*TASK OBJECTIVE*: The data below contains pictures, which are to be skipped; the lines starting at the line with "הרצליה בימים ההם." and ending at the line with "A new residential" are to be output exactly, both ends included.

*EXTRACTED MATERIAL*:
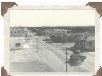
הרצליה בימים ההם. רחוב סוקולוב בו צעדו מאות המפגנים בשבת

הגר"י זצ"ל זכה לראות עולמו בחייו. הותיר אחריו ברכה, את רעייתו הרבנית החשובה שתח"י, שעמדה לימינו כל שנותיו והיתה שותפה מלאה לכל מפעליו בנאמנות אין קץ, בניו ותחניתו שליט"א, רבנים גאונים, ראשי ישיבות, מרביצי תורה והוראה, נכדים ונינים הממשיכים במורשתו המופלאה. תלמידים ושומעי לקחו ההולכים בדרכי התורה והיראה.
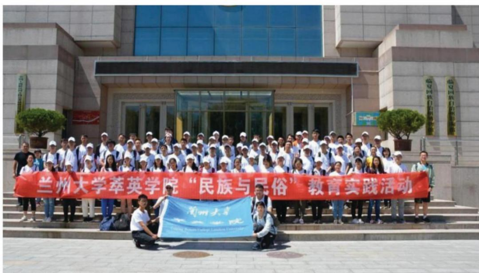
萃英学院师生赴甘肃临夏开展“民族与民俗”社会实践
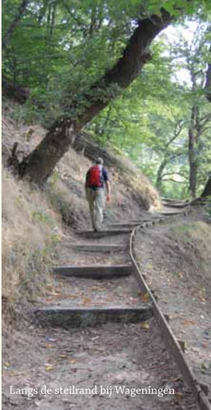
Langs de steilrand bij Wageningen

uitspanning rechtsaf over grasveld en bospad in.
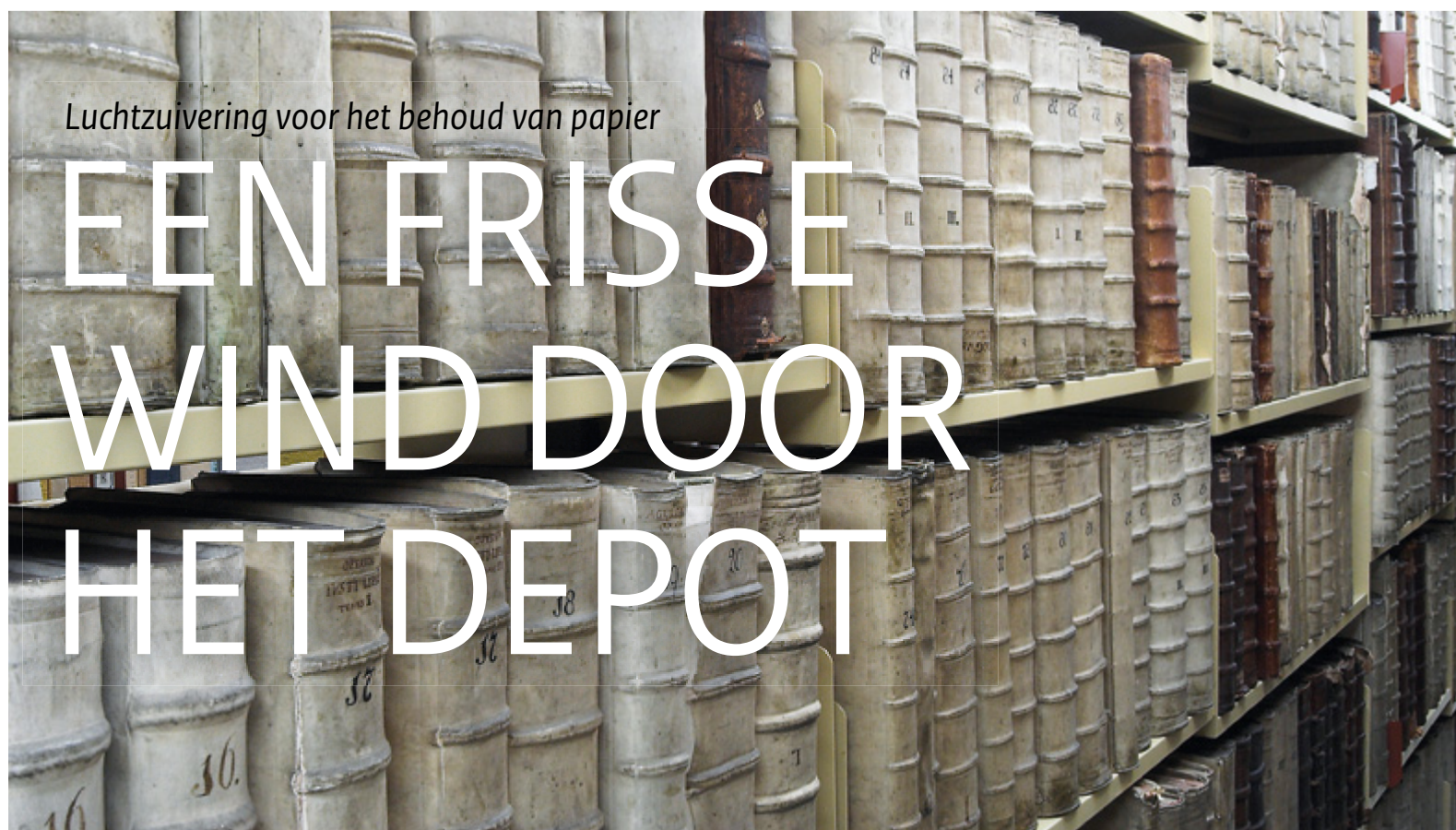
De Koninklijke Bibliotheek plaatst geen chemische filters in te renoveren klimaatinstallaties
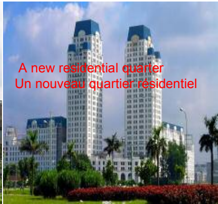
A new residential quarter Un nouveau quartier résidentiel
* * *
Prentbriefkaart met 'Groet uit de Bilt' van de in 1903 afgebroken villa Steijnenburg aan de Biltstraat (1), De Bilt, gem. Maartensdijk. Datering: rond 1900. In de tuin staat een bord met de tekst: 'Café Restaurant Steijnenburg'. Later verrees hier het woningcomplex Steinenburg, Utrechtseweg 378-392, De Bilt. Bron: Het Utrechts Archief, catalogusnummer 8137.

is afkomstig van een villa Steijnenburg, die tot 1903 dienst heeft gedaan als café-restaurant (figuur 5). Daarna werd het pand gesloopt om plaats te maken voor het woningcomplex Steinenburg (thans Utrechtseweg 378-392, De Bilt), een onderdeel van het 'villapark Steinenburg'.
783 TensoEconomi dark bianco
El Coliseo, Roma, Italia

*THE COMPLETED TASK*:
הרצליה בימים ההם. רחוב סוקולוב בו צעדו מאות המפגנים בשבת

הגר"י זצ"ל זכה לראות עולמו בחייו. הותיר אחריו ברכה, את רעייתו הרבנית החשובה שתח"י, שעמדה לימינו כל שנותיו והיתה שותפה מלאה לכל מפעליו בנאמנות אין קץ, בניו ותחניתו שליט"א, רבנים גאונים, ראשי ישיבות, מרביצי תורה והוראה, נכדים ונינים הממשיכים במורשתו המופלאה. תלמידים ושומעי לקחו ההולכים בדרכי התורה והיראה.
萃英学院师生赴甘肃临夏开展“民族与民俗”社会实践
Langs de steilrand bij Wageningen

uitspanning rechtsaf over grasveld en bospad in.
De Koninklijke Bibliotheek plaatst geen chemische filters in te renoveren klimaatinstallaties
A new residential quarter Un nouveau quartier résidentiel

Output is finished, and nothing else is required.